Red oak (Quercus rubra L.) is an ornamental species that was introduced to Europe from Northern America (Burkardt et al., 2022) and it has resistance to illness and actively invades new territories. According to the literature data, Quercus rubra raw materials (bark, fruits, leaves) contain 42 phenolic compounds belonging to different groups of compounds, including ellagotannins, halotannins, phenolic glycosides, derivatives of hydroxybenzoic and cinnamic acids. According to clinical and pharmacological studies, consumption of these compounds can reduce the risk of cardiovascular and inflammatory diseases, cancer, diabetes, microbial infection and age-related disorders (Oracz, et al., 2022, 2023; Konovalova et al., 2023). It is aware that Quercus rubra bark extract exhibits antioxidant and antibacterial properties, inhibits а-glucosidase and tyrosinase due to the presence of a significant amount of tannins and other phenolic components in this extracts (Morales, 2021; Tanase et al., 2022).
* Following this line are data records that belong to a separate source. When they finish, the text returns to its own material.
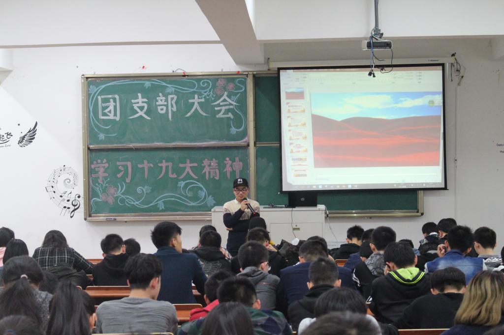 首先,团总支副书记向同学们介绍了党的十九大的概况,并系统阐述了十九大报告的主要内容。他表示,十九大报告是一份充分发扬民主,凝聚各方智慧,顺应全党全国各族人民共同心愿、符合中国特色社会主义发展要求、适应党和国家工作新形势新任务三维大会报告,大家需要下一些功夫进行学习。
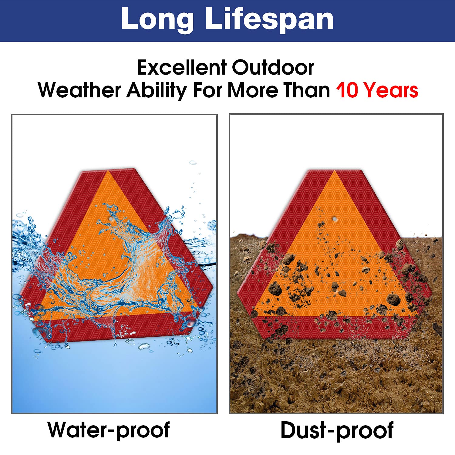 - High Quality: Slow Moving Reflector Sign made of sturdy and strong Engineer Grade Reflective Aluminum. Unlike plastic, Rust Free Aluminum material is Durable, will not bend, warp or crack, is Resistant to inclement weather and Fade-resistant that will last for 7 years.
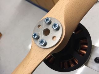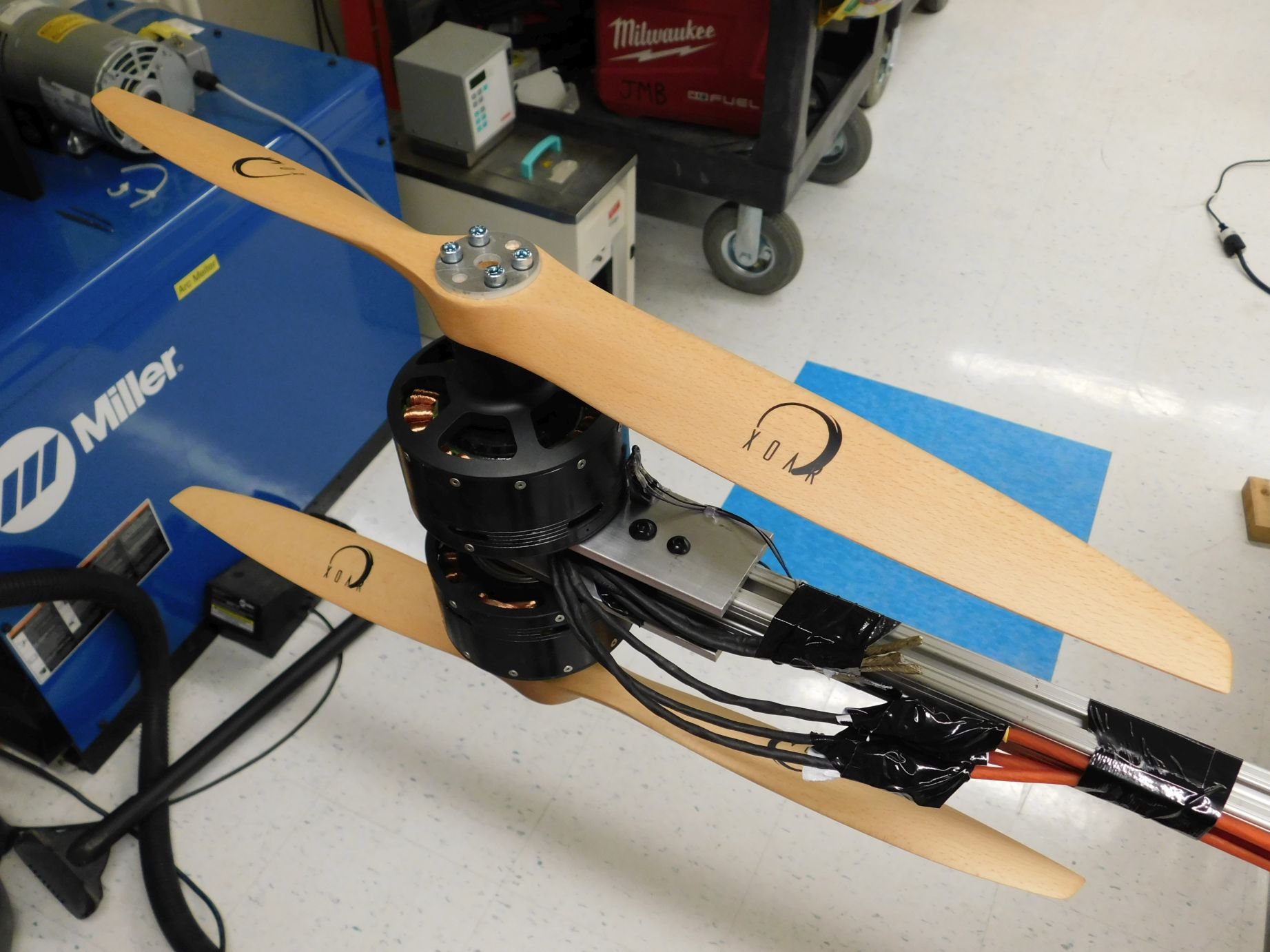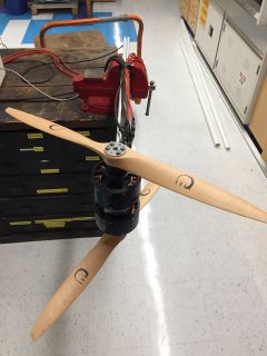 The motor used is a brushless 10850 size motor, 16S, 250 kv, 7 kW with ESC, which was a custom kV order supplied by "Dongguan Freerchobby Co., ltd" on Alibaba and here. The motor and ESC worked according to the specifications and the motor build quality was good, so if you are looking for a motor supplier, this company seems trustworthy. The propellers are XOAR PJA 1803 24x8 on top and 24x12 on bottom, spinning in opposite directions (pusher configuration). The pusher configuration ones were also a custom order, though the size is standard, and the propellers I received were of high quality, so I can recommend this company as well.
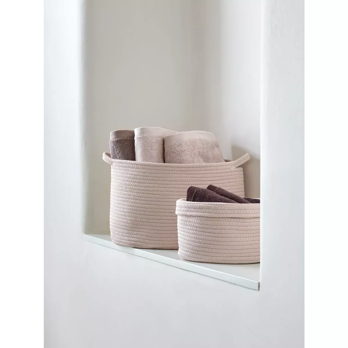 Made from a durable blend of 70% cotton and 30% polyester, the Rena baskets combine strength with a soft, natural texture. They are ideal as versatile storage boxes for toiletries, towels, toys, magazines, accessories or other household items, helping you keep your home tidy and organised.

Quercus L. species have a high level of intraspecific variability of morphometric parameters of leaves, which can vary significantly in different individuals within the same population or even one tree and depend on seasonal and ontogenetic changes (Jensen et al., 1993; Penas et al., 1994; Bruschi et al., 2003; Gonzalez-Rodriguez and Oyama, 2005; NikoliC et al., 2005). In particular, the variability of the morphological and anatomical features of Q. robur (Borazan and Baba?, 2003; Nikolic et al., 2005, 2006; Boratynski et al., 2008; Kryvoruchko and Bessonova, 2018; Martins et al., 2022) and Q. rubra (Jensen et al., 1993; Ashton and Berlyn, 1994; Nagel et al., 1998; Kryvoruchko and Bessonova, 2017, 2018) leaf structure is shown in different growing conditions (moisture, lighting, increased UV radiation, influence of urban technogenic conditions).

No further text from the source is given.